From 1976: A Spokane County commissioner said that a Spokane Valley sewer system was inevitable – “like death and taxes.”

However, neither he nor other county officials were willing to start designing such a system.

“Instead, they unanimously agree that what is desperately needed is further testing of the Spokane aquifer to determine once and for all if it is polluted or in danger of being polluted,” The Spokesman-Review said.

The commissioners “could require new subdivisions in the Valley to have sewers, but they could not force existing subdivisions onto a sewer system without a vote of the people who live there.”

And that, said one county official, was a “politically explosive issue.”
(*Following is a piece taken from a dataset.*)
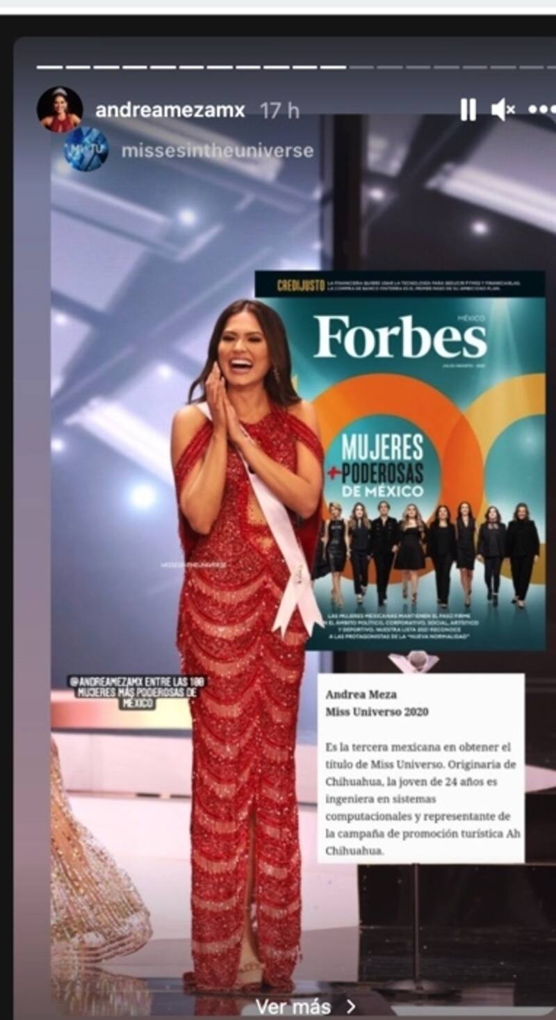 "Es la tercera mexicana en obtener el título de Miss Universo. Originaria de Chihuahua, la joven de 24 años es ingeniera en sistemas computacionales y representante de la campaña de promoción turística Ah Chihuahua", agregó Forbes como breve semblanza de Andrea Meza.

One commissioner conceded that if the aquifer was indeed found to be polluted by sewage, “we can’t get it done soon enough.”

From 1926: Felix Warren, 73, on the last leg of driving “a historic old stagecoach” to Pasco and back, was greeted by a big crowd of dignitaries and well-wishers at High Bridge in Spokane – and then was promptly “arrested for driving over the bridge faster than a walk.”
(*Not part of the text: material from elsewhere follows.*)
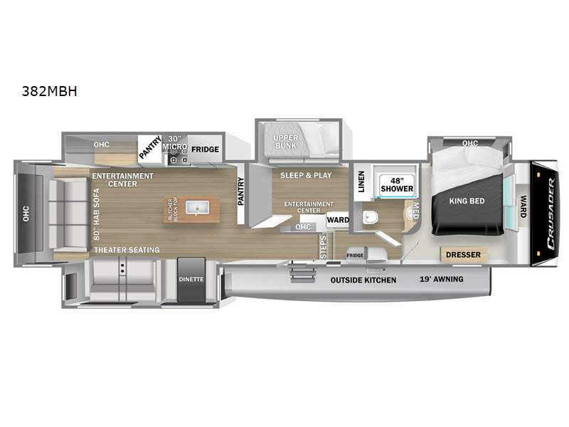 Discover the perfect blend of comfort and adventure with the 2021 Prime Time RV Crusader 382MBH Fifth Wheel. This spacious and stylish RV is designed for families and groups who love to explore without sacrificing the comforts of home. With four slide-outs, this RV expands to offer ample living space, ensuring everyone has room to relax and enjoy the journey. Whether you're embarking on a weekend getaway or an extended road trip, the Crusader 382MBH is your ideal travel companion.

That was just a joke, however. His 10-day feat was celebrated at the bridge by Kirchner’s Cowboy Band and a large welcoming delegation brought in dozens of autos.

The president of the Spokane Chamber of Commerce said “the stagecoach trip was symbolic of the tragedies, failures and also the successes of pioneers, and ushers in a new era of mail transportation in the Northwest.”

In his younger days, Warren routinely carried the mail to Pasco in his stagecoach, and he said he wanted to do it once more, for old times’ sake. The trip was prompted by the opening of a new airmail route.